__Exercise aim__. Could you reproduce the entries exactly, omitting every picture?

__Source material__.
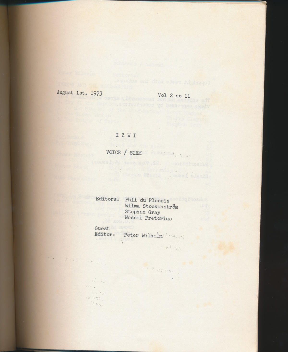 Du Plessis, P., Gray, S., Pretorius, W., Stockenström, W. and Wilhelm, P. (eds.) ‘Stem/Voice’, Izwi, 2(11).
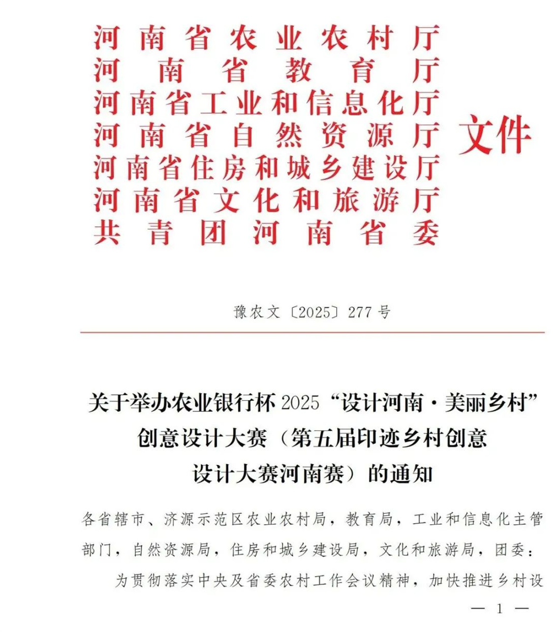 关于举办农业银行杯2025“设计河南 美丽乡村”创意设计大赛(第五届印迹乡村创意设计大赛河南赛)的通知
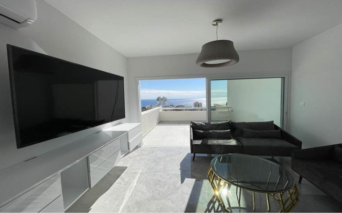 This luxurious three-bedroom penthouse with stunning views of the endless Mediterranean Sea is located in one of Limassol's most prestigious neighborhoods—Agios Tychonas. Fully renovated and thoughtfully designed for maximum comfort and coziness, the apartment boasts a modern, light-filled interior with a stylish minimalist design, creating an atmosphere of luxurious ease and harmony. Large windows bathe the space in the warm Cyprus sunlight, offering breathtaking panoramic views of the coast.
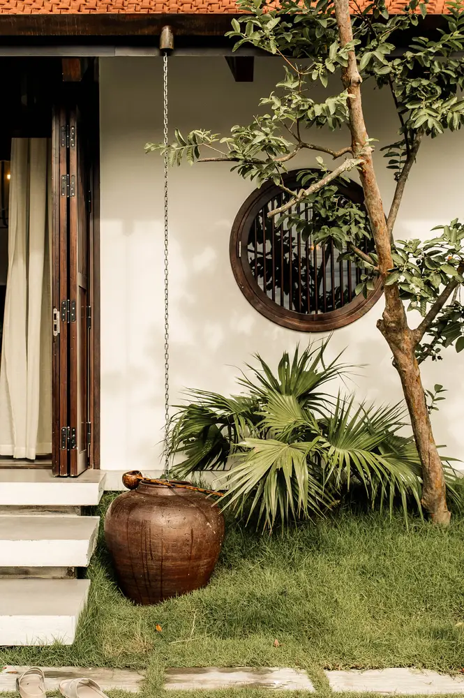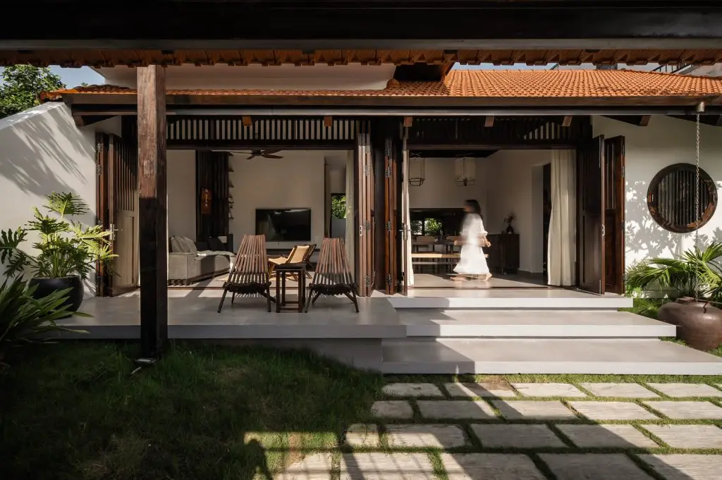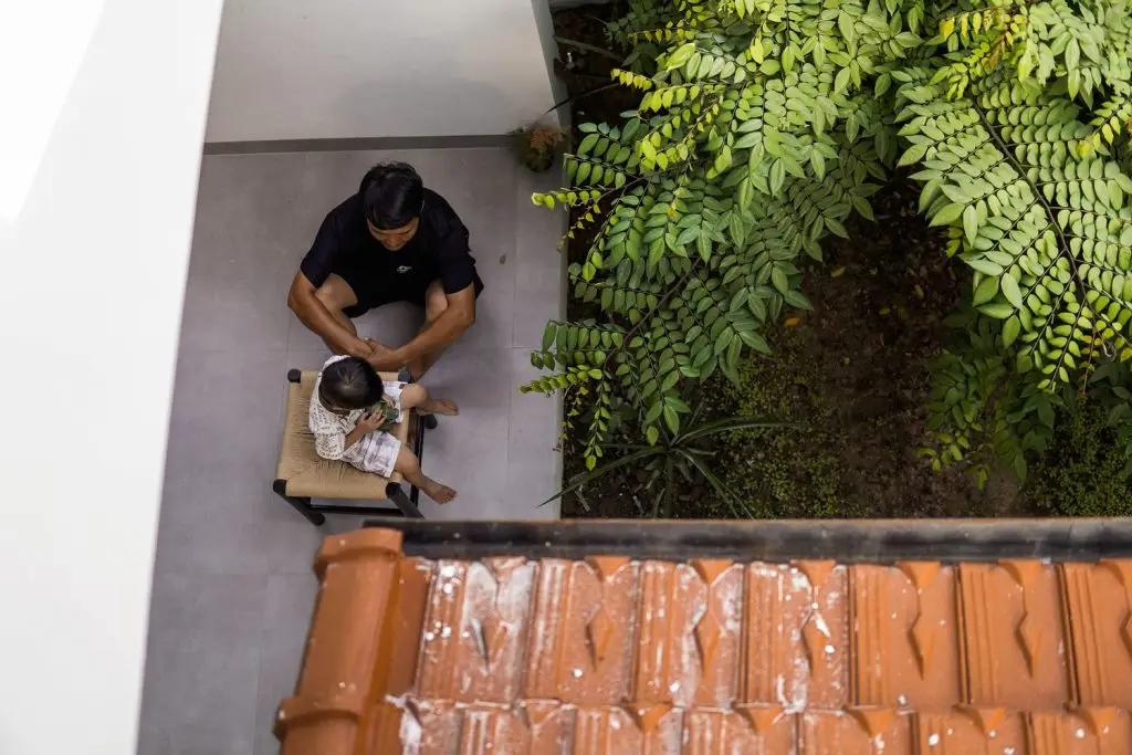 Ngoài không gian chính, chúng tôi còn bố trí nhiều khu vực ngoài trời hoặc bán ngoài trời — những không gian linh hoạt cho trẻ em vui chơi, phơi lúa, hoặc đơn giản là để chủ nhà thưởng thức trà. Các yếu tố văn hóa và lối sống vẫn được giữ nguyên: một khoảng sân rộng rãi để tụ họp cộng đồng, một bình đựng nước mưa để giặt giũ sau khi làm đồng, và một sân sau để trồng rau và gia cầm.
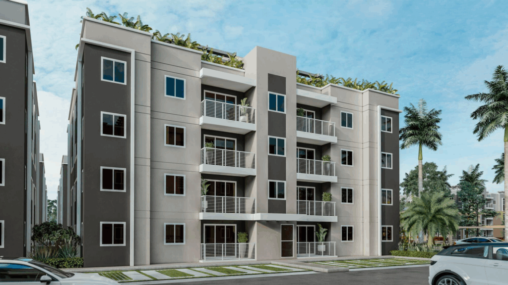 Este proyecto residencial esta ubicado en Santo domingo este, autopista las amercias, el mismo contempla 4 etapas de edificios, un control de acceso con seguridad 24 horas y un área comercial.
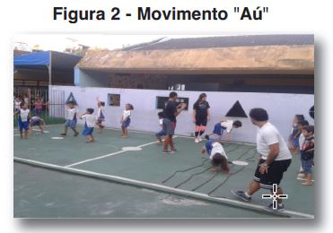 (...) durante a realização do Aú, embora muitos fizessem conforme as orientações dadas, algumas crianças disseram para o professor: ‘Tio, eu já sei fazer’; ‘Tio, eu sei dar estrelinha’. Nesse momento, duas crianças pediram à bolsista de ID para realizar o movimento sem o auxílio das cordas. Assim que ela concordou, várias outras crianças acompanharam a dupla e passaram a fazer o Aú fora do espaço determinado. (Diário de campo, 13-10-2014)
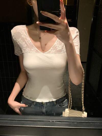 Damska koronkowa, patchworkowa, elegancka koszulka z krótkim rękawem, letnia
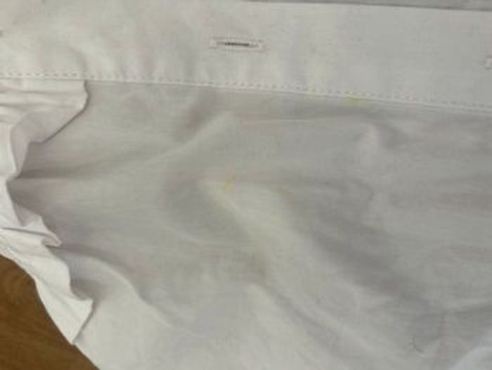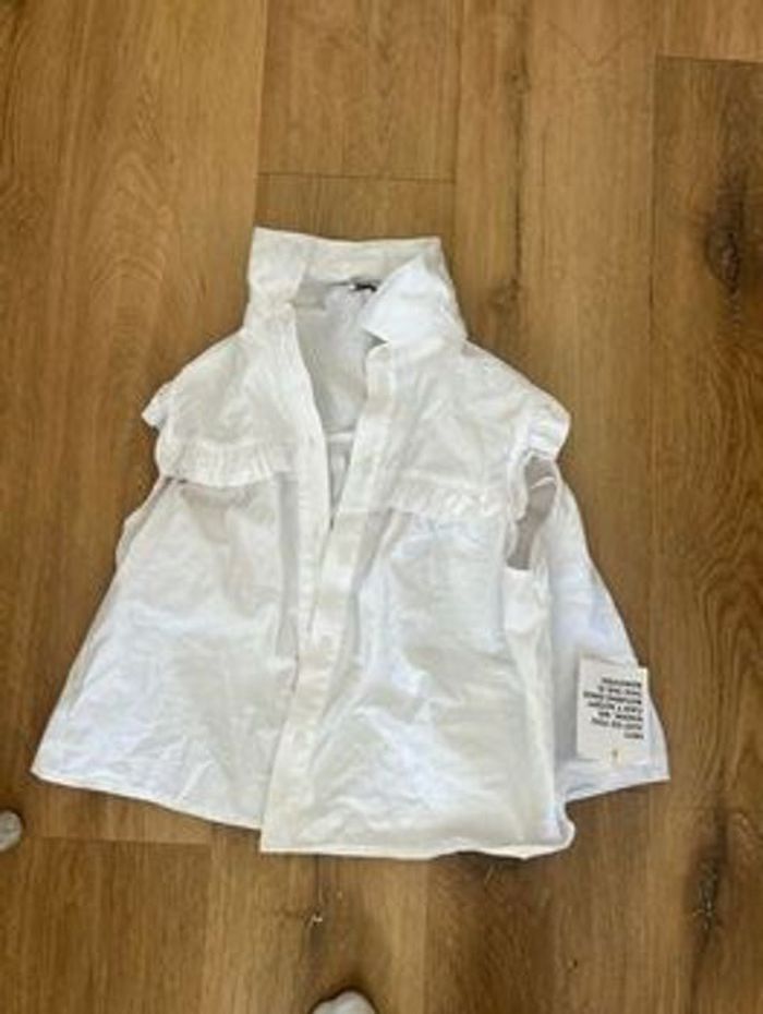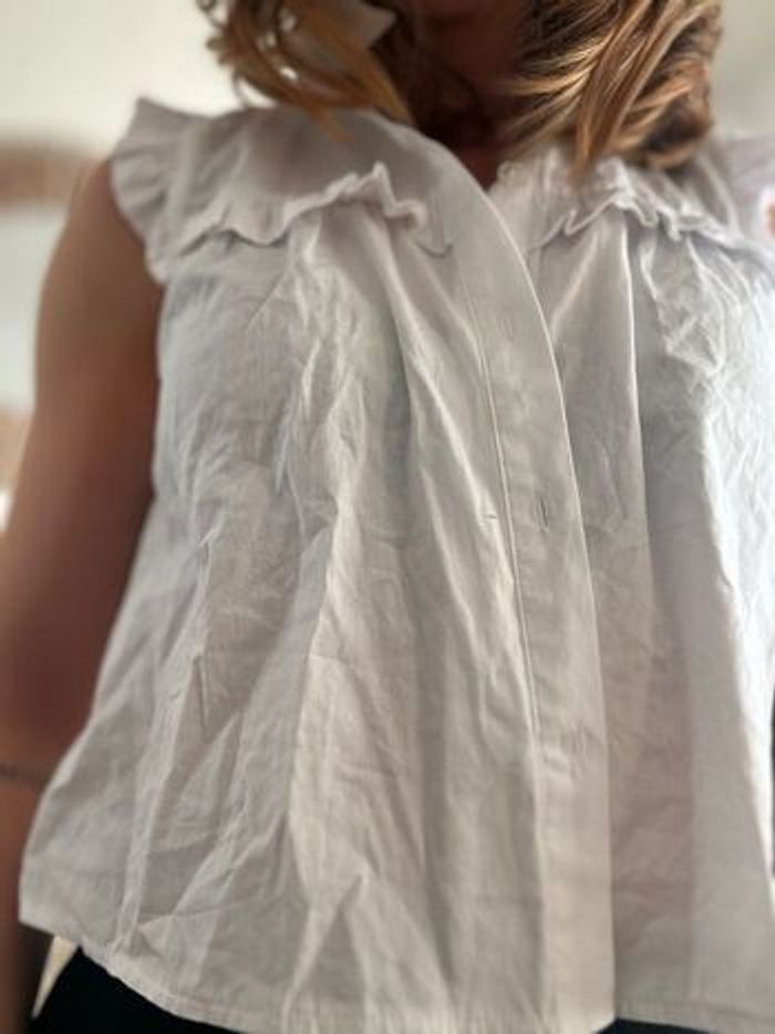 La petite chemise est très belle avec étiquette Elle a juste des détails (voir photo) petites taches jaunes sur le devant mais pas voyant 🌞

__Task answer__.
 Du Plessis, P., Gray, S., Pretorius, W., Stockenström, W. and Wilhelm, P. (eds.) ‘Stem/Voice’, Izwi, 2(11).
 关于举办农业银行杯2025“设计河南 美丽乡村”创意设计大赛(第五届印迹乡村创意设计大赛河南赛)的通知
 This luxurious three-bedroom penthouse with stunning views of the endless Mediterranean Sea is located in one of Limassol's most prestigious neighborhoods—Agios Tychonas. Fully renovated and thoughtfully designed for maximum comfort and coziness, the apartment boasts a modern, light-filled interior with a stylish minimalist design, creating an atmosphere of luxurious ease and harmony. Large windows bathe the space in the warm Cyprus sunlight, offering breathtaking panoramic views of the coast.
 Ngoài không gian chính, chúng tôi còn bố trí nhiều khu vực ngoài trời hoặc bán ngoài trời — những không gian linh hoạt cho trẻ em vui chơi, phơi lúa, hoặc đơn giản là để chủ nhà thưởng thức trà. Các yếu tố văn hóa và lối sống vẫn được giữ nguyên: một khoảng sân rộng rãi để tụ họp cộng đồng, một bình đựng nước mưa để giặt giũ sau khi làm đồng, và một sân sau để trồng rau và gia cầm.
 Este proyecto residencial esta ubicado en Santo domingo este, autopista las amercias, el mismo contempla 4 etapas de edificios, un control de acceso con seguridad 24 horas y un área comercial.
 (...) durante a realização do Aú, embora muitos fizessem conforme as orientações dadas, algumas crianças disseram para o professor: ‘Tio, eu já sei fazer’; ‘Tio, eu sei dar estrelinha’. Nesse momento, duas crianças pediram à bolsista de ID para realizar o movimento sem o auxílio das cordas. Assim que ela concordou, várias outras crianças acompanharam a dupla e passaram a fazer o Aú fora do espaço determinado. (Diário de campo, 13-10-2014)
 Damska koronkowa, patchworkowa, elegancka koszulka z krótkim rękawem, letnia
 La petite chemise est très belle avec étiquette Elle a juste des détails (voir photo) petites taches jaunes sur le devant mais pas voyant 🌞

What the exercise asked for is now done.